Member of the Samoan Parliament for Safata 2
- In office 16 September 2025 – 26 May 2026
- Preceded by: Laumatiamanu Ringo Purcell

Personal details
- Party: FAST (since 2026); HRPP (until 2026);

= Tuia Fuatogi Puʻa Letoa =

Samoan politician

Tuia Logoiai Puʻa Fuatogi Letoa is a Samoan politician and former member of the Legislative Assembly of Samoa. He is a member of the Faʻatuatua i le Atua Samoa ua Tasi (FAST) party.

Letoa is a former chief executive of Samoa Airways. Following the sinking of HMNZS Manawanui in 2024 he called for the New Zealand government to compensate villagers in Safata for environmental damage, and also approached the Chinese government for assistance.

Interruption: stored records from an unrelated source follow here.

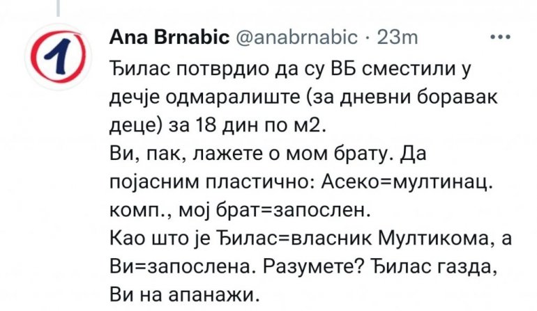 Brnabićeva je napisala da je Đilas potvrdio da su VB smestili u dečije odmaralište (za dnevni boravak dece) za 18 dinara po metru kvadratnom.
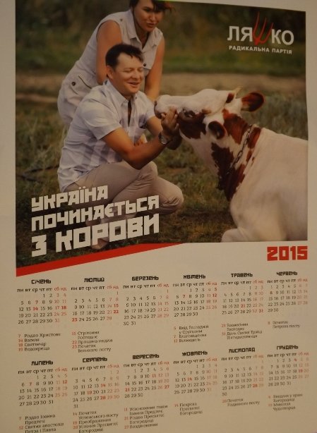 У місті Луцьку (ВО №22) роздають календарі від «Радикальної партії» без інформації про те, хто її виготовив. На календарі зображений лідер партії Олег Ляшко разом з жінкою і з коровою. Також тут зазначені назва партії та її логотип.
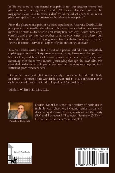 In life we come to understand that pain is not our greatest enemy and pleasure is not our greatest friend. C.S. Lewis identified pain as the megaphone God uses to rouse a deaf world: "God whispers to us in our pleasures, speaks in our consciences, but shouts in our pains." From the pleasure and pain of his own experiences, Reverend Dustin Elder puts pen to paper to offer daily doses of hope-spoonsful of encouragement, morsels of manna-to nourish and strengthen each day. Every entry drips comfort, and every message soothes pain. As cool water to a thirsty soul, these devotions offer refreshing news from a distant country. They are "words in season" served as "apples of gold on settings of silver." Reverend Elder writes with the heart of a pastor, skillfully and insightfully applying great truths of Scripture to everyday living. He writes as he speaks-hurt to hurt, and heart to heart-rejoicing with those who rejoice, and mourning with those who mourn. Journeying through the year with this wounded healer will enable you to see new mercies every morning and find sufficient grace for every need. Dustin Elder is a great gift to me personally, to our church, and to the Body of Christ. I commend this wonderful devotional to you, confident that in each unopened tomorrow God will speak and God will lead. Mark L. Williams, D.Min, D.D.
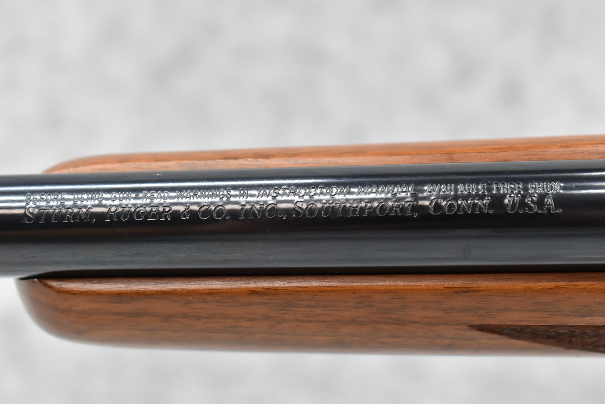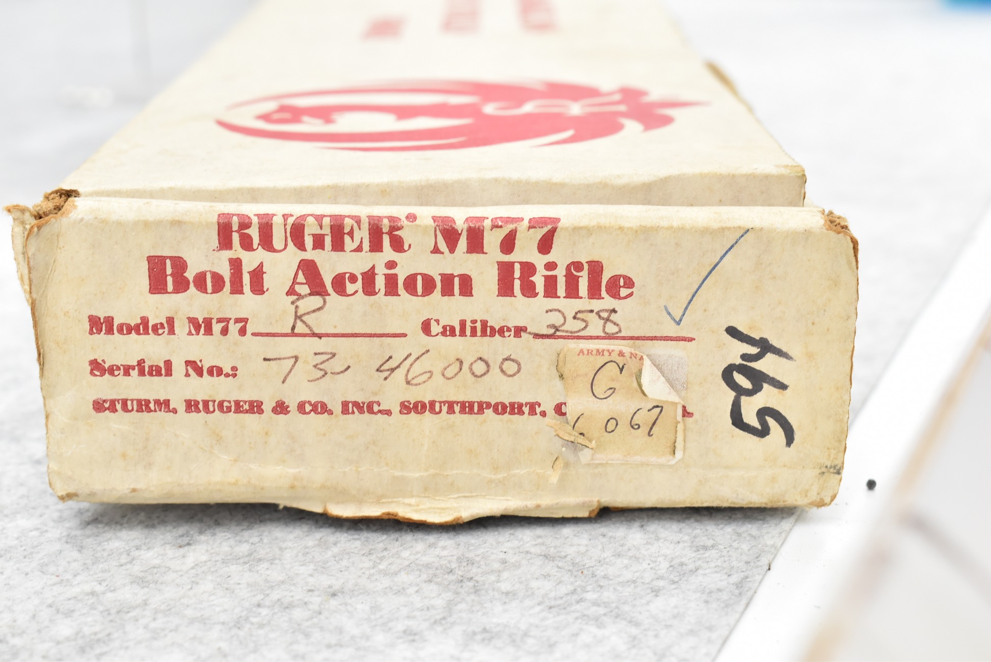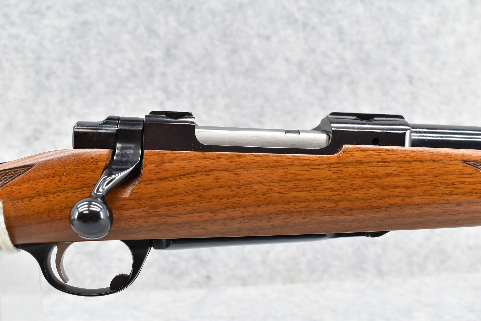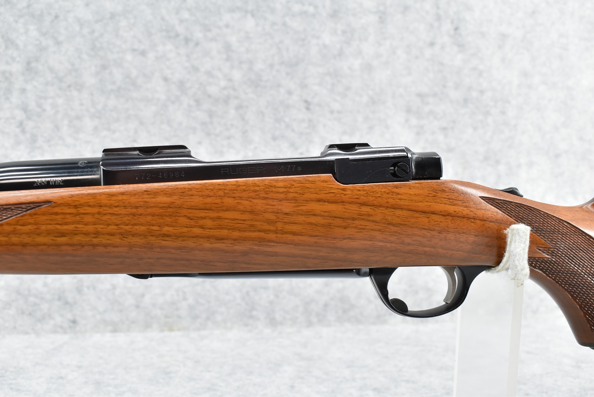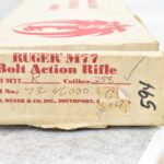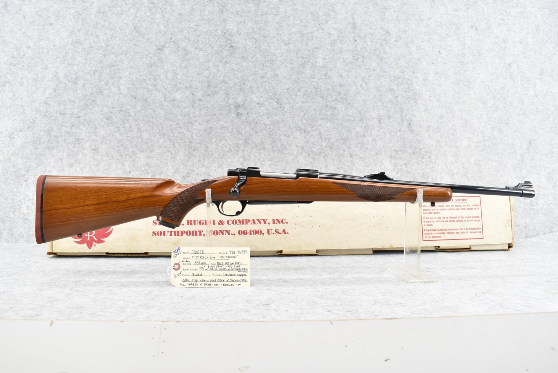 148R. Scarce! Ruger – Mod. 77RS Carbine (Pre-Warning) – In the Rare 358 Win. Cal. Bolt Action Rifle – w/18.5” Barrel w/Blade Front & Adj. Rear Folding Sights w/Integral Mounts – Blued Finish – w/Checkered Capped Pistol Grip Walnut Wood Stock w/Factory Recoil Pad – Unfired w/Factory Box & Manual – Only 758 18.5” M77R’s Mfg. For Jerrys Sports Center in 1989! Excellent! Great Find
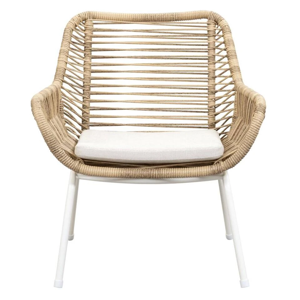 Loungefauteuil Grand heeft een metalen frame met een wicker zitting, rug- en armleuning in een naturel kleur. Het inbegrepen kussen is crèmekleurig en past perfect bij de natuurlijke uitstraling van de stoel. De fauteuil heeft een afmeting van 78x73x71 cm en kun je met mooi weer heerlijk in wegzakken.
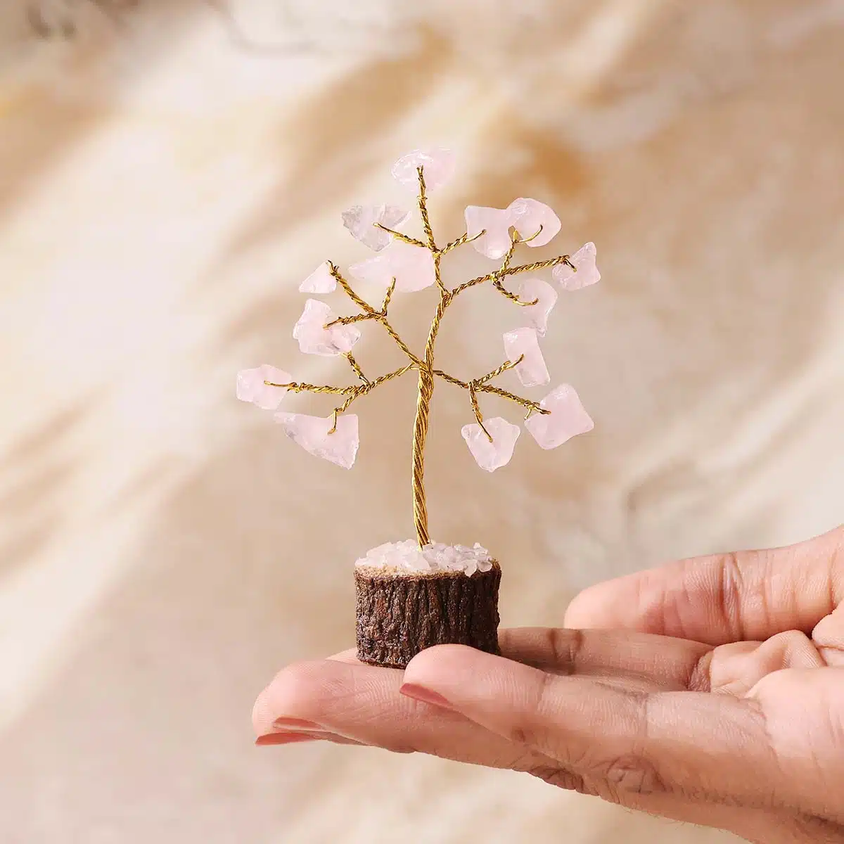 - Rose Quartz Tree – Radiates unconditional love, emotional healing, and peace in relationships.
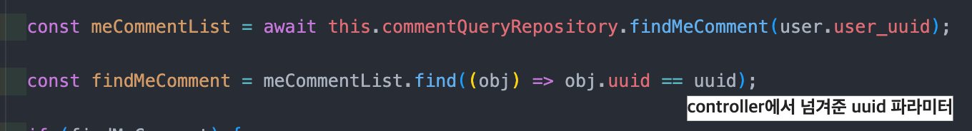 "meCommentList"라는 배열의 객체의 uuid의 value과 controller에서
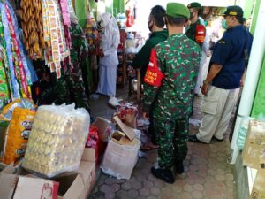 Bondowoso , Anggota Koramil Kota Bondowoso Serka Mulyadi, Serda Faisal Fajar, Koptu M. Ridwan, Serda Epi Yunia K melakukan pendisiplinan protokol kesehatan (Prokes) Covid-19 di Pasar Nangkaan Bondowoso.
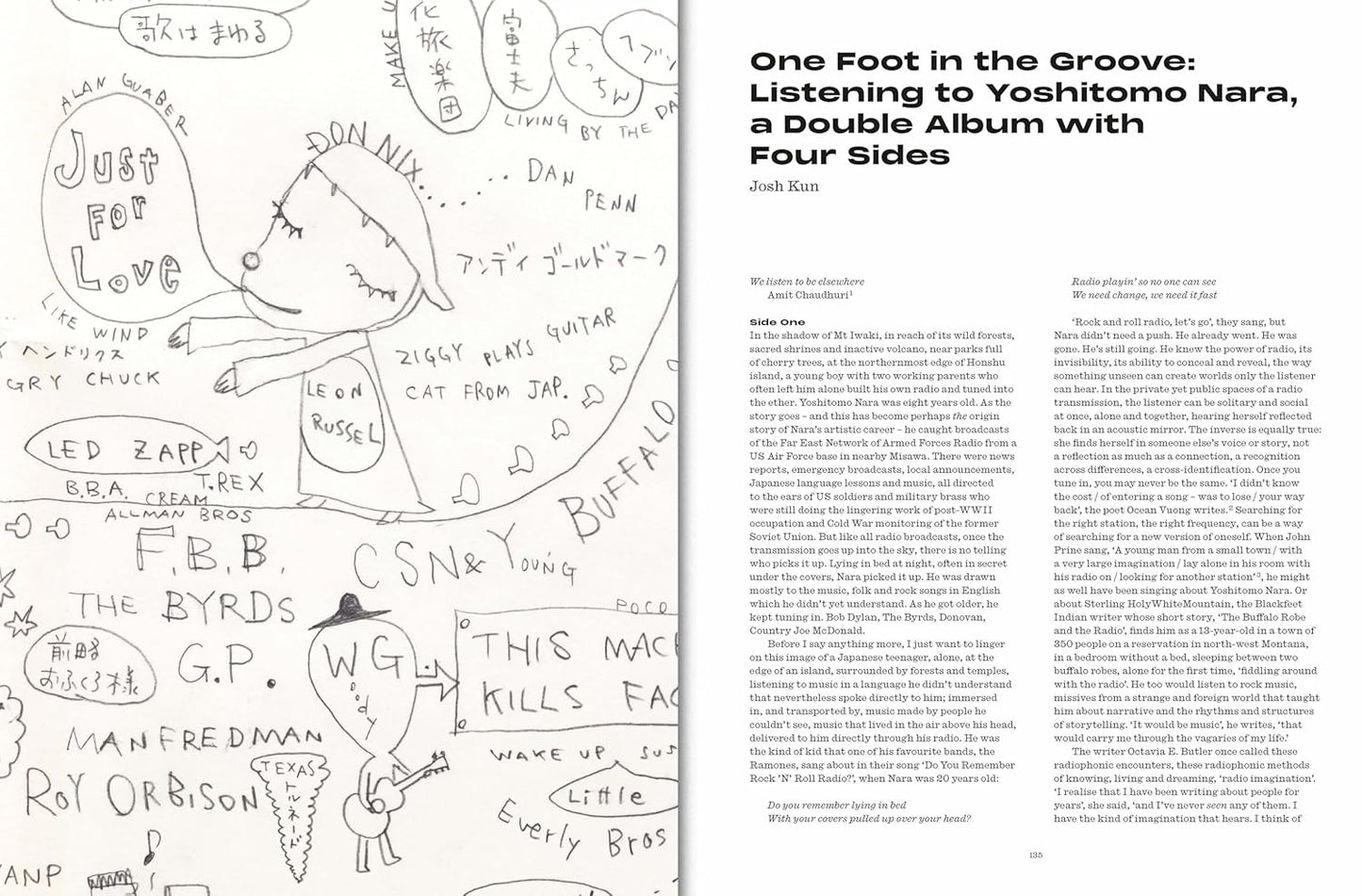 Memories as a continuous flow runs through Nara’s work. This is in parallel with the inspiration he takes from popular music, which he has been listening to since childhood – folk songs by American singer-songwriters featuring antiwar messages, melancholic blues and, later, glam rock, punk and new wave.
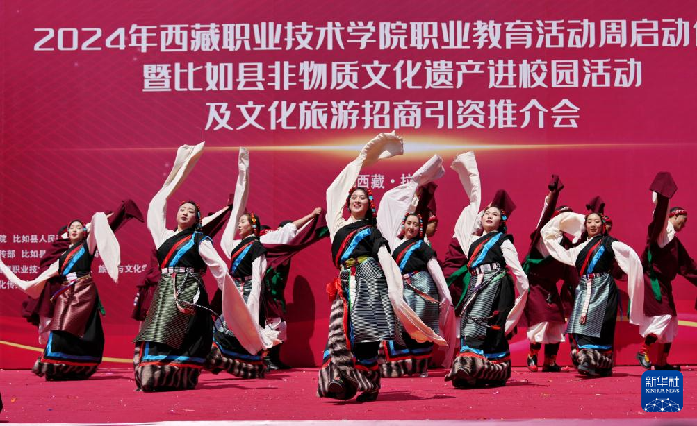 當(dāng)日,西藏職業(yè)技術(shù)學(xué)院職業(yè)教育活動周在拉薩啟動,那曲市比如縣民族藝術(shù)團(tuán)非物質(zhì)文化遺產(chǎn)表演暨“鄉(xiāng)村振興 那曲奮進(jìn)”旅游推介走進(jìn)校園,激發(fā)人們對傳統(tǒng)文化和特色旅游的興趣。
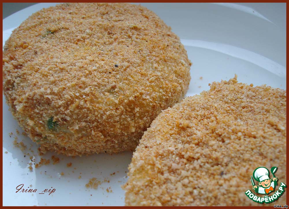 Запанированные в муке котлеты смочить во взбитом яйце и обвалять в панировочных сухарях. |
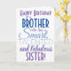 A funny happy birthday card for your brother! Send it to "someone who is smart, talented and fabulous" - because you are so alike! Make someone smile with this humorous stylish card. Blue and purple typography design. Personalize name and message.
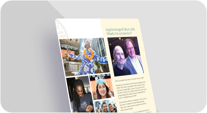 AppExchange & Steve Jobs: WHAT’S What's the connection? appening Salesforce’s 20th anniversary: Speeches, cupcakes, and a Pitbull. Marc Benioff and Parker Harris started Salesforce in 1999. We celebrated this awesome milestone with a blowout concert featuring Grammy-winning rapper Pitbull. There was also lots of VTO, giveaways of designer cupcakes, and more. Here’s to another 20. Then another 20. Well, you get the idea. When you hear “App Store,” you think “Apple,” right? But did you know Marc Benioff was the original owner of the “App Store” trademark? That's because Steve Jobs once advised Marc to start “an app economy.” And Marc did just that. After brainstorming and focus group testing, Jobs’ advice became reality with the launch of AppExchange in 2006. Fast forward to 2008, and Apple launched its own App Store. To return the favor, Marc gave the “App Store” name and the appstore.com URL to Steve Jobs and Apple. “When I joined Salesforce, my title was Director of the App Store,” said Leyla Seka, now EVP of Mobile at Salesforce. With a slight title change, Leyla became the first Director of AppExchange in 2008. “I witnessed the creation of the largest and most vibrant enterprise app ecosystem in the world.” With a little help from Steve Jobs, of course. 8 THE EXCHANGESPRING 2019 THE EXCHANGE 9

He was first elected to the Legislative Assembly at the 2025 Samoan general election as a candidate for the Human Rights Protection Party (HRPP), after winning the Safata 2 seat. Letoa defected from the HRPP to join FAST in May 2026, citing the wishes of his district chiefs. He subsequently resigned from parliament on 26 May to comply with the Electoral Act, which mandates that a representative vacate their seat should they change their affiliation during a parliamentary term, triggering a by-election.